[Dataset items]
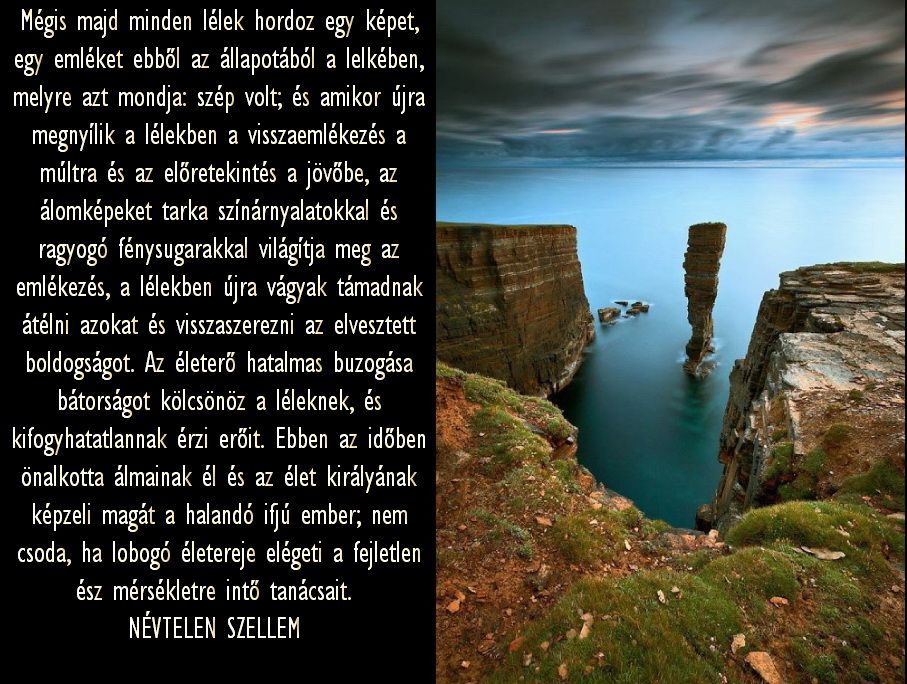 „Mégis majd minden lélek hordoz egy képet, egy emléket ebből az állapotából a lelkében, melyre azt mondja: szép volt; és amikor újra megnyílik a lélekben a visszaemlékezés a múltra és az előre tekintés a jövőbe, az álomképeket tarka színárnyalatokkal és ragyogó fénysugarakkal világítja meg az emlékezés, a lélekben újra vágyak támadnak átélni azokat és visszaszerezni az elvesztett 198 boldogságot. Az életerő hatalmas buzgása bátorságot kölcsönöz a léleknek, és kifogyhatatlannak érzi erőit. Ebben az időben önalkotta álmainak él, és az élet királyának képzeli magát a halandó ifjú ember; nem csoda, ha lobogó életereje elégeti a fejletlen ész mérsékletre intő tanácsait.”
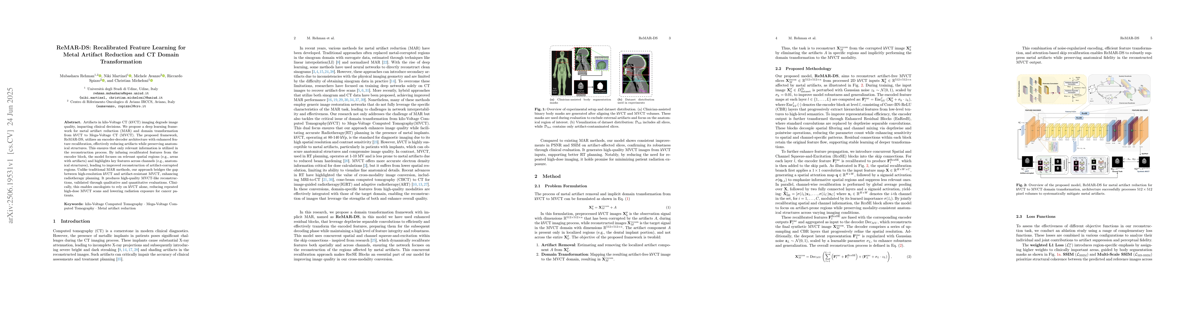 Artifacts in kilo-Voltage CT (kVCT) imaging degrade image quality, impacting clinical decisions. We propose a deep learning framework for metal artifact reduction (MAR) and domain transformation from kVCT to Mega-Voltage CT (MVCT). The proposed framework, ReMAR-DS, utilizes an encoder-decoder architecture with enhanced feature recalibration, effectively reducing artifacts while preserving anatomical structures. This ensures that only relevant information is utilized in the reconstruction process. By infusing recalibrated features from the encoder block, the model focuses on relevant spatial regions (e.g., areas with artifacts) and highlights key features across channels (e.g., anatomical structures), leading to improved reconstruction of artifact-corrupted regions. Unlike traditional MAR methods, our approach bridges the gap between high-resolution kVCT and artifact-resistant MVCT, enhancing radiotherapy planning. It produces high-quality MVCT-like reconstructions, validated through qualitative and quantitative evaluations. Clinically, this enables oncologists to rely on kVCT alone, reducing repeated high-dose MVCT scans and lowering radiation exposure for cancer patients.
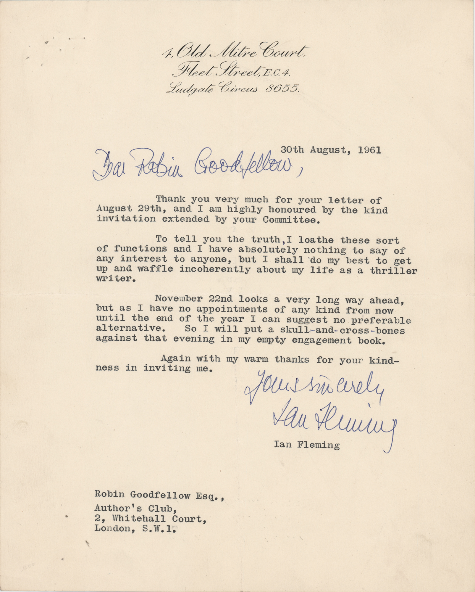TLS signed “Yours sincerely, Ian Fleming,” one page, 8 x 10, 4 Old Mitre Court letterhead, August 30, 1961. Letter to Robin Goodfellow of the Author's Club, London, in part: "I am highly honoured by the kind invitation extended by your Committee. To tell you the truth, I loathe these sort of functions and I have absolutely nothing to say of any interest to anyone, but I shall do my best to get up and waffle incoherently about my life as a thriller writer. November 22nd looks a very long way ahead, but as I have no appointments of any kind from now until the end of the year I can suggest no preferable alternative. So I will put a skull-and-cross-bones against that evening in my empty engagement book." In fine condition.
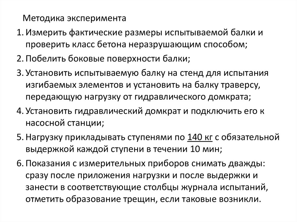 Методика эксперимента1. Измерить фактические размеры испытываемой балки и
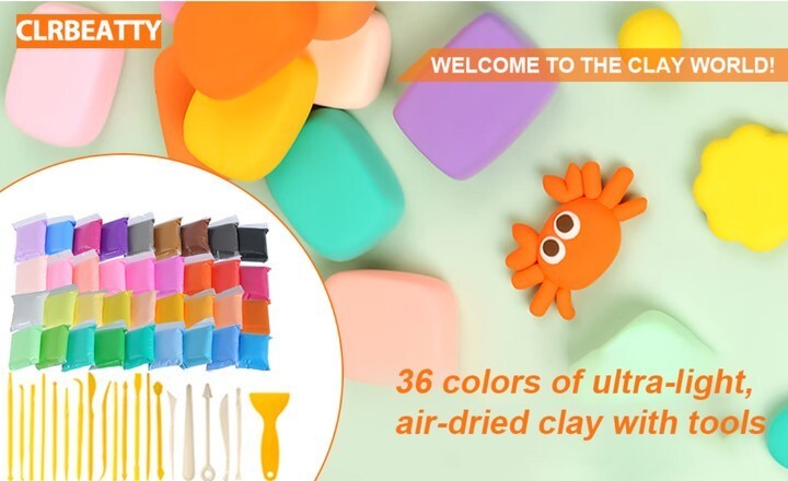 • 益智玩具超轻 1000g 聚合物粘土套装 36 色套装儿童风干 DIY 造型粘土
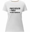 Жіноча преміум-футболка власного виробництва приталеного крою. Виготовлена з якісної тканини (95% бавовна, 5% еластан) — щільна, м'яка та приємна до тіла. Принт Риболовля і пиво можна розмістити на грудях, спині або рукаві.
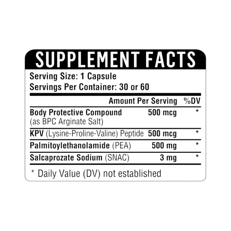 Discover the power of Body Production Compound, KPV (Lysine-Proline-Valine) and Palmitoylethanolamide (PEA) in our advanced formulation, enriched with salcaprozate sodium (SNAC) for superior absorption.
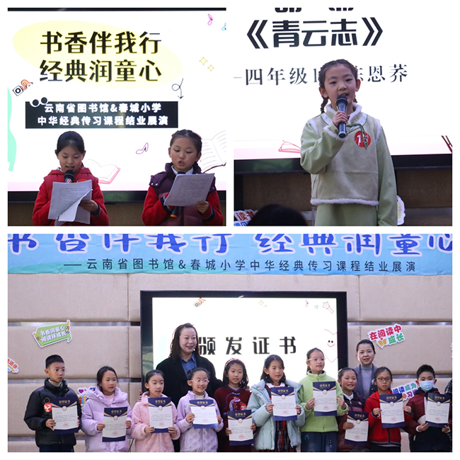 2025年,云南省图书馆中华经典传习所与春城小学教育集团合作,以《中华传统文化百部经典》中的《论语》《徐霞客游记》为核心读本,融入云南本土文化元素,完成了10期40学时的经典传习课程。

* What is expected *
Starting with the line that contains "Методика эксперимента1. Измерить" and ending with the last line of the data above, transcribe exactly those lines and no others, without pictures.

* Answer box *
 Методика эксперимента1. Измерить фактические размеры испытываемой балки и
 • 益智玩具超轻 1000g 聚合物粘土套装 36 色套装儿童风干 DIY 造型粘土
 Жіноча преміум-футболка власного виробництва приталеного крою. Виготовлена з якісної тканини (95% бавовна, 5% еластан) — щільна, м'яка та приємна до тіла. Принт Риболовля і пиво можна розмістити на грудях, спині або рукаві.
 Discover the power of Body Production Compound, KPV (Lysine-Proline-Valine) and Palmitoylethanolamide (PEA) in our advanced formulation, enriched with salcaprozate sodium (SNAC) for superior absorption.
 2025年,云南省图书馆中华经典传习所与春城小学教育集团合作,以《中华传统文化百部经典》中的《论语》《徐霞客游记》为核心读本,融入云南本土文化元素,完成了10期40学时的经典传习课程。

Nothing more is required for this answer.